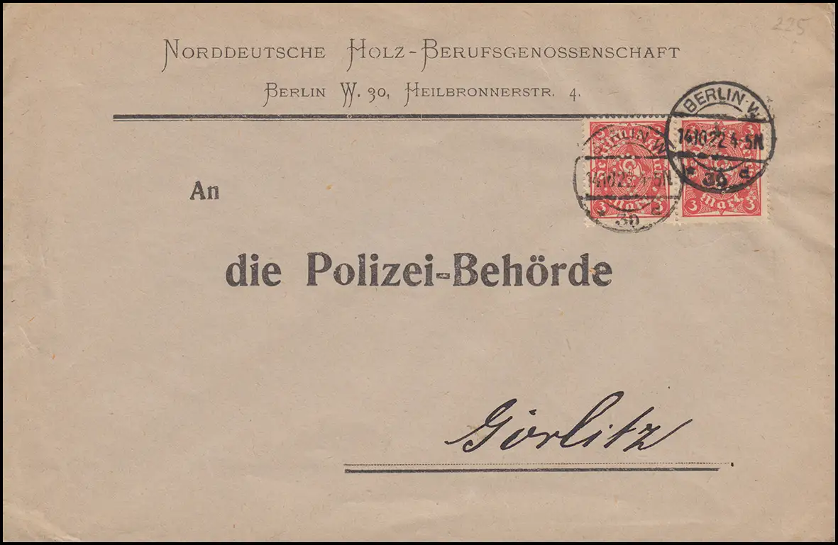 portogerechte Mehrfachfrankatur von der Norddeutschen Holz-Berufsgenossenschaft in Berlin W 30 auf Vordruck-Umschlag "An die Polizei-Behörde" in Görlitz
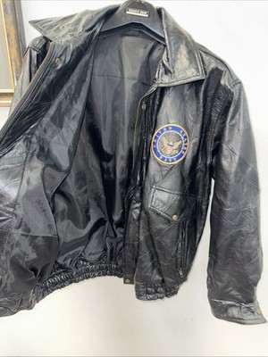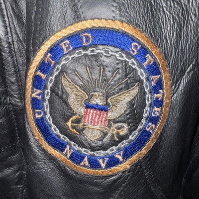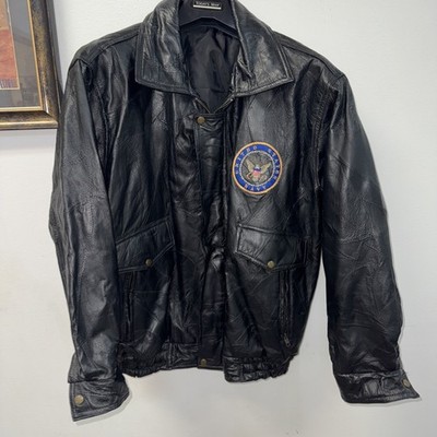 Vtg United States Navy Patch Italian Stone Design M /Leather Jacket Coat 80s
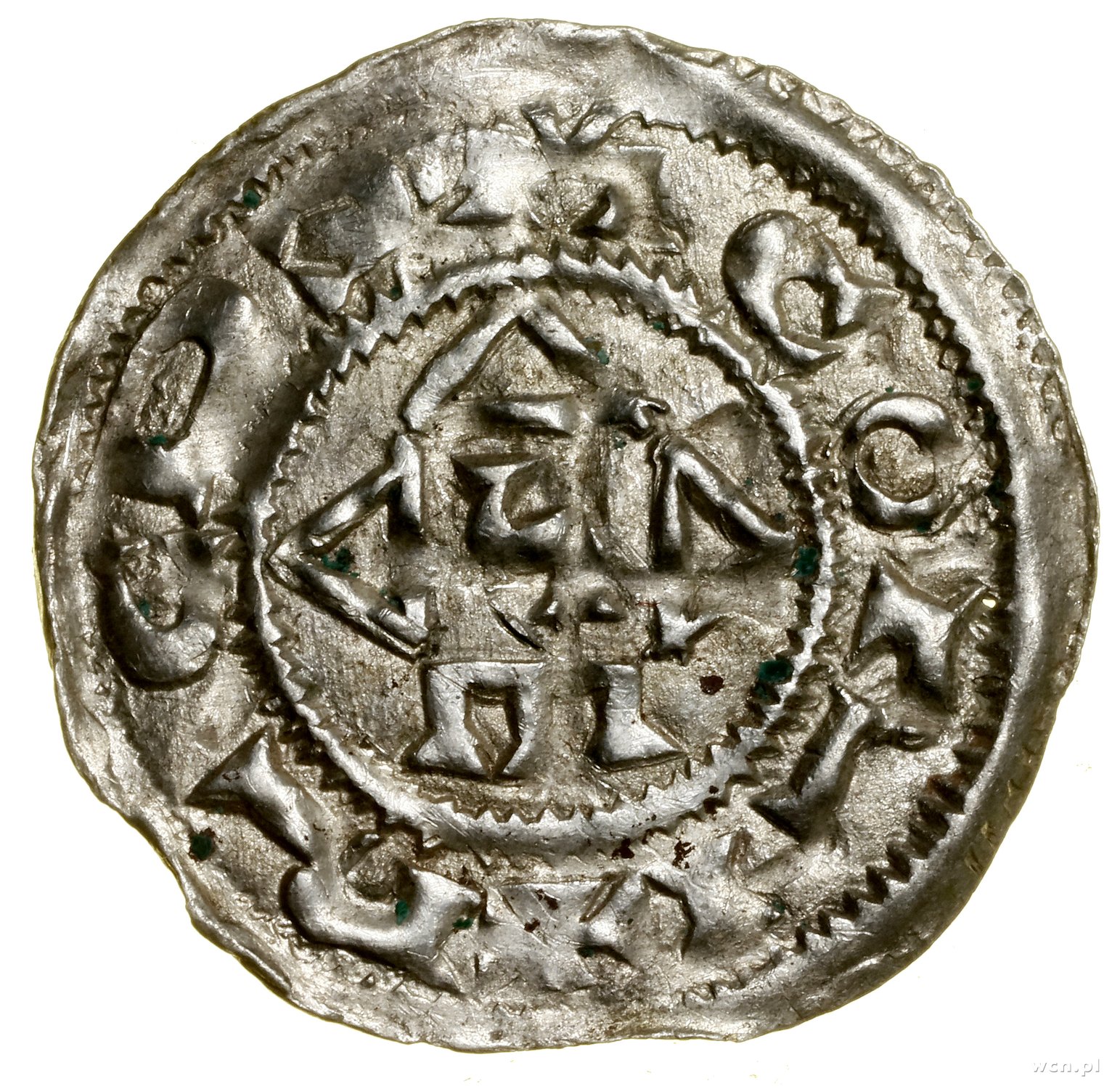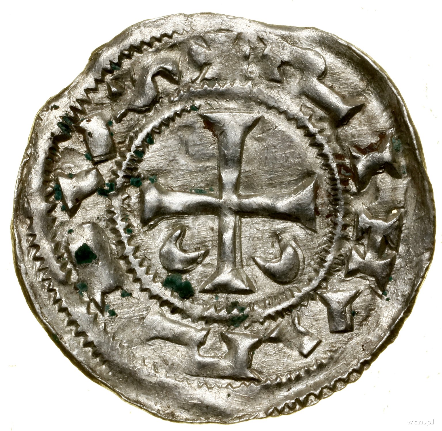 | 35 | Normandia / Ryszard I (943–996) Denar, Rouen(?); Aw: Krzyż, w dwóch przyległych kątach półksiężyce, + RIHΛRDVS; Rw: Litera S(?) otoczona przez trzy trójkąty i literę E, + RCDC M CORI; PdA 120 (podob.. |
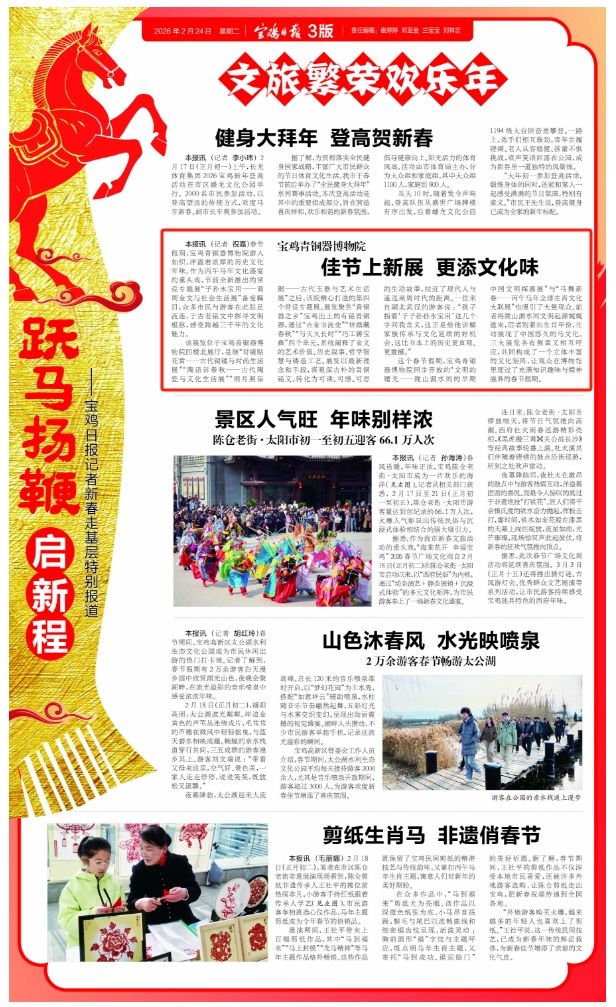 这个春节假期,宝鸡青铜器博物院同步开放的“文明的曙光——陇山渭水间的早期中国文明探源展”与“马舞新春——丙午马年全球生肖文化大联展”也吸引了大量观众。前者将陇山渭水间文明起源娓娓道来,后者则紧扣生肖年份,生动展现了中国悠久的马文化。三大展览各有侧重又相互呼应,共同构成了一个立体丰富的文化矩阵,让观众在博物馆里度过了充满知识趣味与精神滋养的春节假期。
++++
Return the full set of lines above word for word and with no pictures.

 portogerechte Mehrfachfrankatur von der Norddeutschen Holz-Berufsgenossenschaft in Berlin W 30 auf Vordruck-Umschlag "An die Polizei-Behörde" in Görlitz
 Vtg United States Navy Patch Italian Stone Design M /Leather Jacket Coat 80s
 | 35 | Normandia / Ryszard I (943–996) Denar, Rouen(?); Aw: Krzyż, w dwóch przyległych kątach półksiężyce, + RIHΛRDVS; Rw: Litera S(?) otoczona przez trzy trójkąty i literę E, + RCDC M CORI; PdA 120 (podob.. |
 这个春节假期,宝鸡青铜器博物院同步开放的“文明的曙光——陇山渭水间的早期中国文明探源展”与“马舞新春——丙午马年全球生肖文化大联展”也吸引了大量观众。前者将陇山渭水间文明起源娓娓道来,后者则紧扣生肖年份,生动展现了中国悠久的马文化。三大展览各有侧重又相互呼应,共同构成了一个立体丰富的文化矩阵,让观众在博物馆里度过了充满知识趣味与精神滋养的春节假期。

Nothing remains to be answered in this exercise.